Recent developments in the use of composite ceramics for high frequency arrays have reached the stage where large area, high frequency sonar receiver arrays can be produced cost effectively [1] . Typically these consist of hundreds of individual sensors with excellent element-to-element matching, in both gain and phase, over bandwidths in excess of an octave centred on frequencies in the range 30 to 500 kHz (See Figure 1) . This composite sensor technology allows high performance sonar imaging systems to be developed with good spatial and angular resolution and wide angular cover. A typical system may use a hydrophone array of say 200 staves, each quantised to around 18-20 bits and processed in the frequency band 100 to 200 kHz to provide 1 degree wide beams over say a +/-80 degree angle of cover. Replica correlation must be provided on each beam output for target detection, followed by some overall feature extraction and image display system.
The aggregate processing load presented by such real-time data acquisition, processing and display systems is high. For the generic system outlined in the previous paragraph, hardware throughputs around 5.1O lO arithmetic operations per second are needed to implement simplistic time domain DSP algorithms in real time (see Figure 2 ). Significant 'crunching power' is also required in the data acquisition systems area for signal conditioning, band definition and data communications. In practical applications, the beamformer needs to perform dynamic focusing in both range and bearing to minimise echo feature smearing. These additional processing functions can increase the DSP processing load by several orders of magnitude. Figure 3 outlines some of the problems encountered in these types of system. In many applications, space and power for systems is limited, particularly if the system is mounted on an underwater vehicle (maybe autonomous, maybe remote controlled). Typical power/space envelopes available in such applications are of the order 100 watts and one cubic foot for the complete electronics system. The following paragraphs outline ongoing development work in this high resolution, high frequency sonar area, with particular emphasis on practical systems using a mixture of custom silicon, high density FPGAs and application specific DSP devices.
Data Acquisition Systems.
The electronic noise floor from the sensor arrays outlined above falls well below the ambient acoustic noise floor in the ocean in the frequency bands of interest, whilst maximum signal levels are determined by the transmit source level used for the system. To support both extremes it is necessary in practice to handle instantaneous dynamic ranges in excess of 100 dB so that the highlight structure details (and hence the ability to classify) of close-in bottom features are maintained, particularly when a number of systems operate in consort or in close proximity. Hence the data acquisition problem in HF imaging sonars is particularly acute.

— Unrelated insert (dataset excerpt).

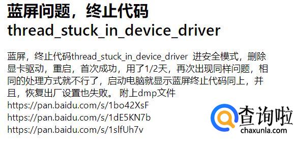 在玩游戏时尝试使用互联网时出现THREAD_STUCK_IN_DEVICE_DRIVER错误。几周前已将Windows 10升级过。帮忙解决一下这个问题呗。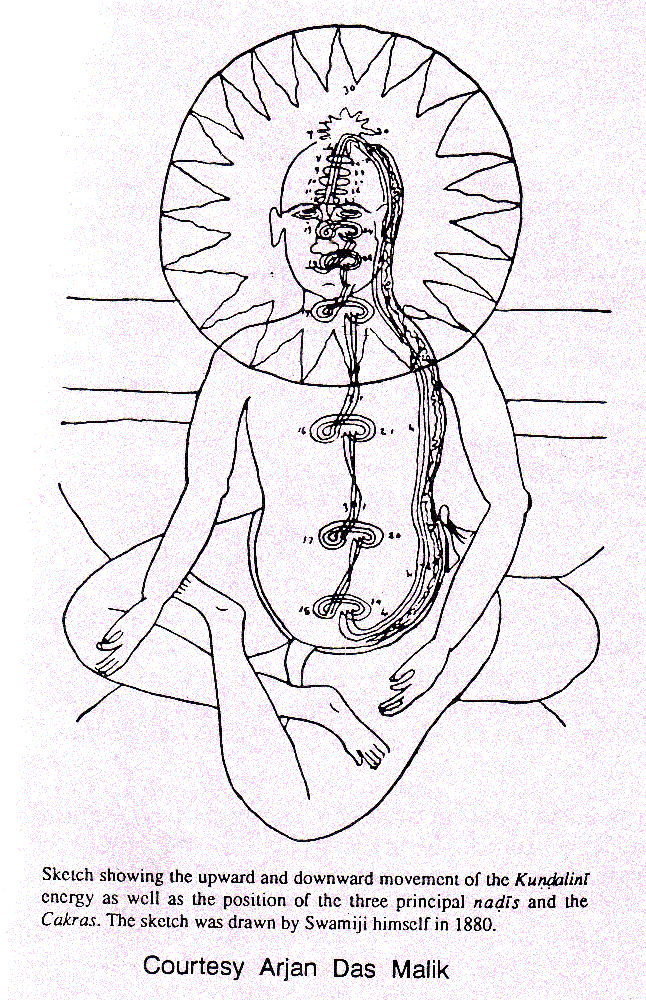 "Another important feature which lay undiscovered so far relates to the passage of the Kundalini-force through the spinal column. Ordinarily by Hatha Yoga the awakened Kundalini-force takes a straight passage through the spinal column from one end to the other. The awakened energy, which in ordinary course should have come into action through its top-most point at the base of the Sahasrara, is impeded on account of the unpurified state of the point. Thus it does not connect itself with the subtle state of the Sahasrara but gets diverted towards lower planes of materialism. In Rajayoga the Kundalini force goes with a bow-like curve with almost a hair-breadth curvature at the centre. This keeps the power confined to its proper natural course leading to finer states of subtleness. In this case, the transformation goes on automatically resulting in the removal of grosser elements there from. Under the circumstances, there is no risk of wrong diversion or misuse." Master stated in a letter to Dr. K.C.V. (9/9/1964) that " I may tell you that in our system of sadhana the three chakras, the Nabhi, the Swadhisthana and the Mooladhara are taken up at the very end in quite a natural course. Rather I may say that Nature herself takes them up then."

The wide bandwidths and high dynamic range required rule out the use of commercially available data acquisition components. A number of novel techniques based on the use of custom silicon band-pass sigma-delta converters have been developed for these types of application.
The classical low-pass sigma-delta converter [2] is shown in Figure 4 -it consists basically of a three-port noise shaper, an analogue to digital converter (ADC), a digital to analogue converter (DAC) and a digital decimator/filter. The noise shaper is an analogue circuit designed so that the forward gain in the band of interest is very high. Hence the quantisation noise introduced by the ADC is reduced at the output by the loop gain of the system, in the much the same way that output distortion is reduced in an operational amplifier circuit by heavy negative feedback.
The oversampled ADC output data is filtered and decimated to select the required signal band -over this band, the effective dynamic range is increased over and above that of the basic ADC by the high loop gain and feedback action around the noise shaper outlined above.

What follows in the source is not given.